Des étudiants passés à tabac à la LeuzArena : leurs agresseurs ont comparu devant le tribunal

Un groupe d’adolescents a été roué de coups en juin dernier sur la terrasse de la LeuzArena. Le procès de leurs agresseurs a eu lieu ce mardi. Ils risquent de lourdes peines.

Caroline Poulain
 L’agression s’est déroulée sur la terrasse de l’Arena café, le soir du lundi 20 juin 2022.
L’agression s’est déroulée sur la terrasse de l’Arena café, le soir du lundi 20 juin 2022. ©EdA - 6038963062 

Le 20 juin 2022, quatorze élèves de dernière année du Centre éducatif Saint-Pierre de Leuze, qui fêtaient la fin de leurs examens, ont vécu l’enfer. Ils ont été roués de coups par quatre individus complètement ivres. Les faits se sont déroulés sur la terrasse de la cafétéria du hall sportif LeuzArena.

Ce mardi, les quatre jeunes hommes, âgés entre 21 et 31ans, qui ont “joué” de leurs poings face à ces adolescents, ont dû répondre de leurs actes devant le tribunal correctionnel de Tournai.

Dans un premier temps, aucun d’eux n’a avoué pleinement ce qu’on leur reprochait.

Je n’ai frappé personne”, a assuré le plus âgé. “Je ne sais pas avec combien de jeunes je me suis bagarré, je dirais un seul”, a indiqué un autre. “J’ai essayé d’écarter les garçons qui ont tenté de frapper mon ami”, s’est justifié le troisième qui est actuellement sous surveillance électronique ; et enfin le dernier, toujours détenu, a dit ne se souvenir de rien. “J’ai su ce que j’avais fait en voyant les vidéos”. Celui-ci serait à l’origine de la dégradation de la situation. Il a été relaté à l’audience que l’individu avait chahuté les adolescents en leur ôtant leurs casquettes à plusieurs reprises. Lorsque l’un des jeunes s’est rebellé, le prévenu l’a mal pris et a asséné le premier coup. Une scène d’une “violence extrême” s’en est suivie, comme le décrivent la procureure du roi ainsi que les parties civiles.

Des élèves utilisés comme punching-ball : un massacre

Seul l’homme de 31ans conteste fermement avoir participé à la bagarre, bien que tous les témoignages indiquent qu’il y avait bien quatre individus qui ont porté des coups. Le prévenu reconnaît cependant ne pas être intervenu pour aider les jeunes à terre. “Je ne suis pas médecin”, s’est-il maladroitement justifié.

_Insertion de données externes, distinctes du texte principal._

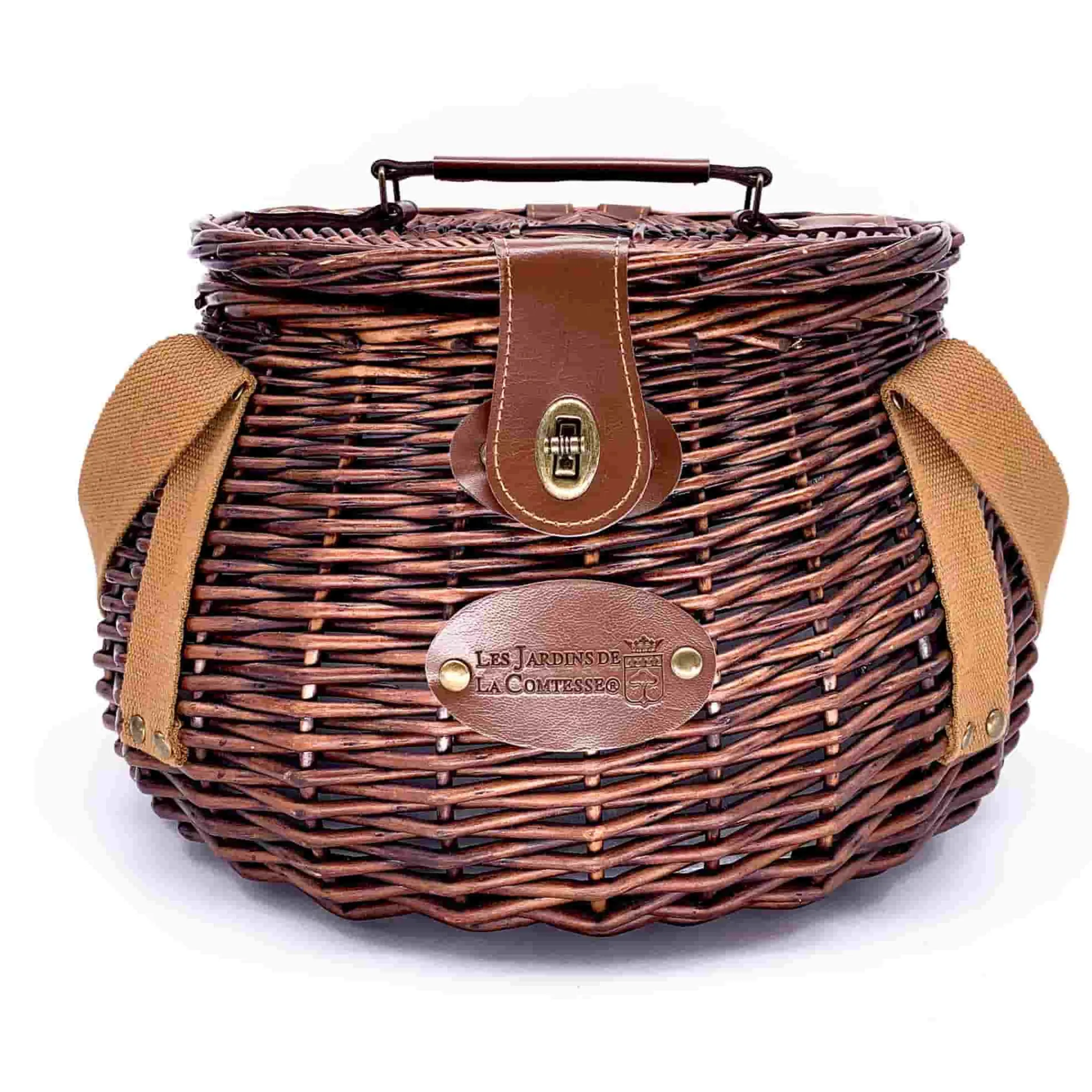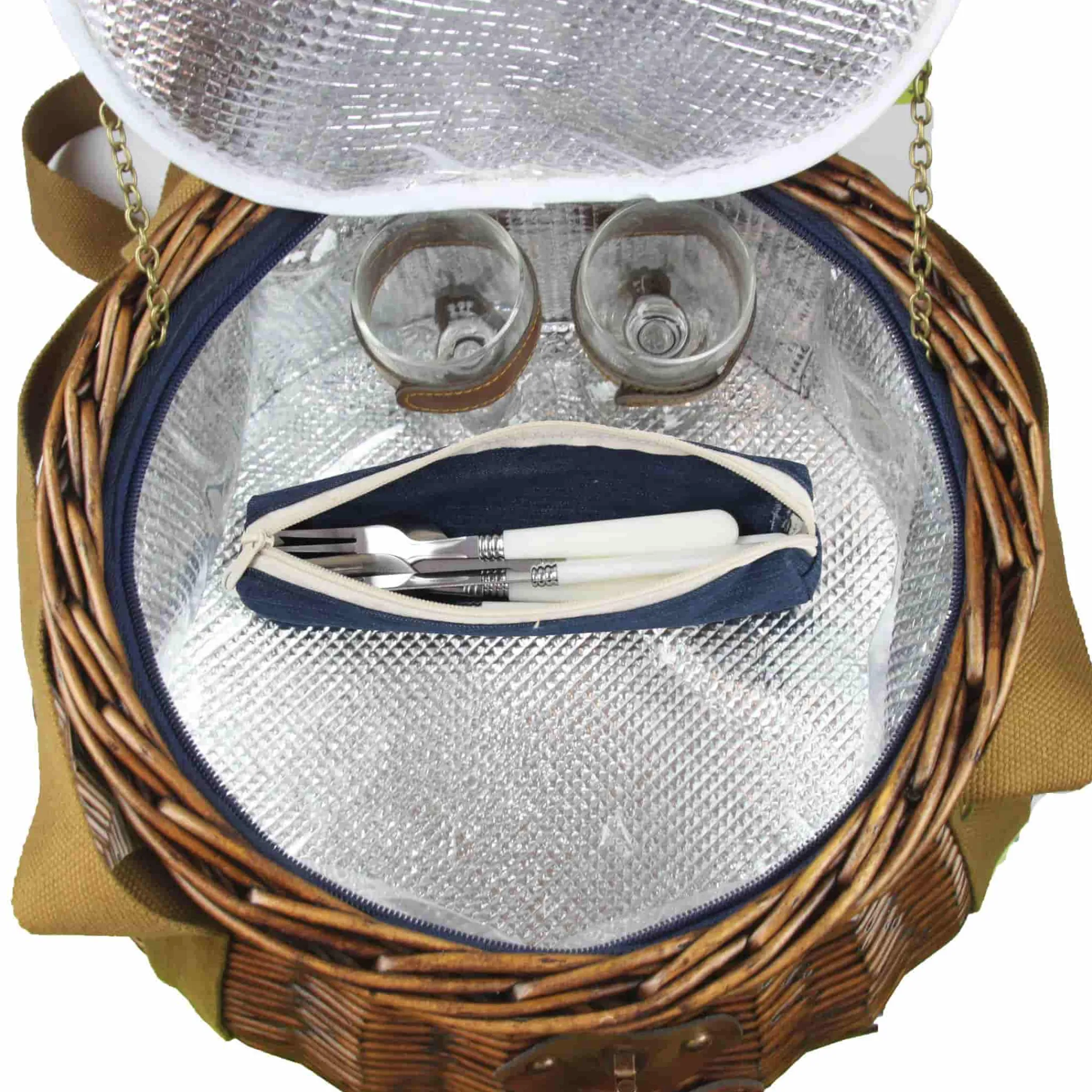 The Tuileries round picnic basket is the ideal way to transport a romantic feast for two. Handcrafted in dark brown wicker, it has a smart navy lining and an insulated pocket to keep your wine cold. It has two flexible straps so you can carry it like a bag or over your shoulder while you search for the perfect picnic spot.
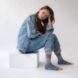La douceur du vieux tapis sous les pieds, la musique de chambre du papier peint. Le chat rayé et ses petits attendent sous l’arbre rose, et les hortensias fanés gardent leurs couleurs subtiles et un peu éteintes. Un couple à la Chagall s’étreint à quatre mains… Qui n’a pas besoin d’un gros câlin ? Des nuances de bleus et de gris froids qui rejoignent des nuances de roses et de gris chaud, les pointes colorées ravivent le tout.

Après avoir utilisé ces jeunes comme punching-ball en lançant leurs casquettes, le massacre a commencé. C’est devenu du bowling, il a fallu en ramasser au maximum, dépeint Me Rivière, avocat d’une des 21 parties civiles. Ces étudiants avaient le droit de fêter la fin de leurs examens, mais ils avaient également le droit d’entendre la vérité de la part des prévenus, ainsi que des excuses. Aucun de ces droits ne leur a été accordé.

L’instigateur risque 5 ans de prison

Pour rappel, plusieurs jeunes ont été emmenés à l’hôpital après les faits, l’un d’eux a même reçu des coups alors qu’il était au sol et inconscient. Il a été question, pour certains d’entre eux, de multiples fractures, de commotion cérébrale, de côtes cassées, de mâchoire déplacée, d’arcade sourcilière ouverte…

Je me souviendrai toujours de l’image de mes meilleurs amis au sol, et moi me demandant s’ils étaient toujours en vie”, a témoigné à la barre l’une des jeunes victimes de l’agression. Outre la réparation des dommages au civil, la procureure du roi a requis une peine de 30 mois de prison pour le plus âgé des prévenus, 5 ans pour l’instigateur de la bagarre, et 2 ans pour chacun des deux autres.

Les avocats des quatre agresseurs ont tous demandé que l’on accorde à leurs clients un sursis probatoire avec comme condition principale de ne plus boire d’alcool.

La présidente du tribunal a précisé qu’en cas de probation, elle souhaitait être intransigeante : ils ne devront plus consommer d’alcool du tout, sans aucune exception. “Ils apprendront à connaître les bulles sans alcool”, a-t-elle insisté.

La présidente a également regretté que les prévenus ayant exprimé des excuses se soient adressés à elle plutôt qu’aux victimes. Bien qu’ils aient tenté de réparer leur erreur en dernière minute, la présidente les a interrompus dans leur élan : “C’est trop tard.” Elle rendra son jugement le 10 décembre.